By Russell Contreras



Henry Herrera witnessed the Trinity Test. Photo illustration: Sarah Grillo/Axios. Photos: Russell Contreras/Axios, Bettmann/Contributor and Corbis via Getty Images


As cinephiles gear up for Friday's release of "Oppenheimer," the blockbuster biopic about the "father of the atomic bomb," some residents in southern New Mexico where the bomb was first tested say they've been largely erased from the narrative.

The big picture: Those residents say their families have battled rare cancers for generations and have been ignored while Manhattan Project scientists like J. Robert Oppenheimer are celebrated.

Details: "Oppenheimer," directed by Christopher Nolan and starring Cillian Murphy and Emily Blunt, follows the American scientist as his team races to create the bomb and deals with the aftermath of its creation.

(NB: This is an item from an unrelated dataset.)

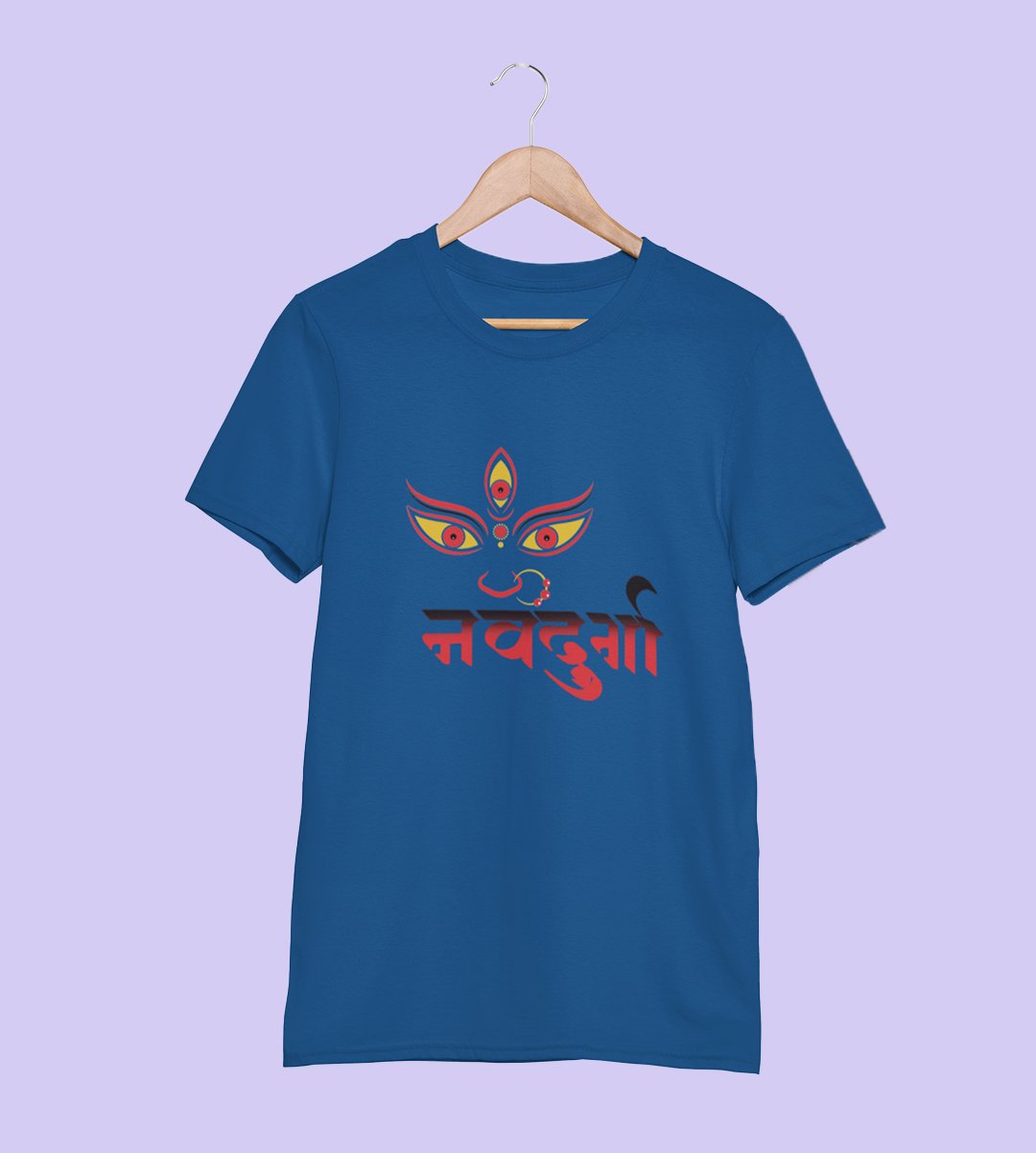 Navdurga printed unisex adults round neck cotton half-sleeve blue tshirt specially for Navratri festival/ Durga puja

  • The movie is based on the 2006 Pulitzer Prize-winning biography "American Prometheus: The Triumph and Tragedy of J. Robert Oppenheimer."

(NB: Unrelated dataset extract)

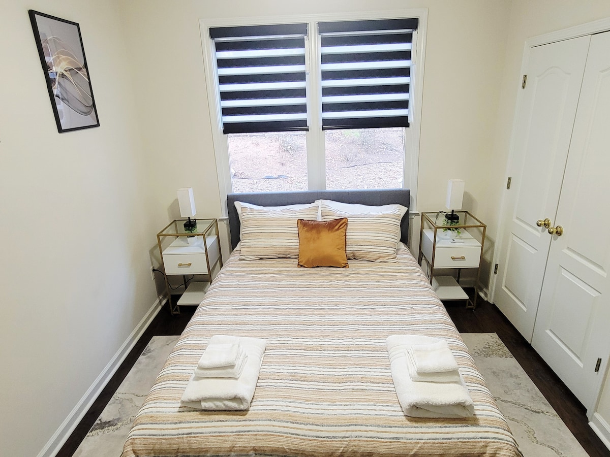 Welcome to our cozy 2-level townhouse in Stone Mountain, perfect for up to 6 guests! Recently renovated, this property boasts 2 spacious bedrooms on the top floor, each featuring a comfortable queen bed and en-suite bathroom. The lower level offers a well-equipped kitchen, living room, dining table, laundry room, and a convenient half bathroom. With 2 bedrooms and 2.5 bathrooms, this townhouse provides ample space for relaxation and comfort. Enjoy our beautifully appointed home away from home!

Flashback: Oppenheimer led a group of scientists during World War II to build the bomb first tested in New Mexico near the homes of Hispanic and Native American residents.

  • The U.S. government previously seized land from Hispanic and Indigenous homesteaders in northern New Mexico that Oppenheimer knew from horseback riding trips to build a then-secretive lab in Los Alamos, New Mexico.

  • Known as the Trinity Test, scientists first detonated the bomb near the historic Hispanic village of Tularosa and the Mescalero Apache Reservation on July 16, 1945.

  • Curious residents went to ground zero to picnic and take artifacts, including the radioactive green glass known as trinitite and contaminated pieces of cloth that were used to make christening dresses. They learned the bomb was atomic about a month later.

What they're saying: The new movie "is nothing but an over-glorification of the science and the scientists, again, with no reflection on the harm done to the people in New Mexico," Tina Cordova, co-founder of the Tularosa Basin Downwinders Consortium, which advocates for families affected by the Trinity Test, tells Axios.

  • Cordova says no one from the movie ever contacted survivors.

  • "We've done everything to reach out to the filmmakers from the time that they were filming until today."

  • "Just include a panel, a message at the end of the film that acknowledges the sacrifice and suffering of the people of New Mexico," says Cordova, who plans to watch the film and join panel discussions on it this weekend.

Henry Herrera was 11 years old when he witnessed the Trinity Test explosion. He spoke to Axios in 2021 shortly before his death at age 87.

  • "My mother had just hung her white clothes on the clothesline, and god dang! You should have seen the god dang dust that rolled all over town."

  • Herrera had his jaw reconstructed after suffering from mouth cancer like other residents.

Universal Pictures did not respond to emails from Axios seeking comment


Zoom out: A 2017 report found that the Trinity Test caused generations of southern New Mexico families to suffer from cancer and economic hardship.

  • But New Mexico is not included in the Radiation Exposure Compensation Act, a federal law originally passed by Congress in 1990 to award financial reparations to Nevada Test Site "downwinders," or people who lived downwind of the radiation and were impacted.

  • U.S. Sen. Ben Ray Luján (D-N.M.) has reintroduced a bill to include New Mexico downwinders in RECA before its scheduled expiration in 2024.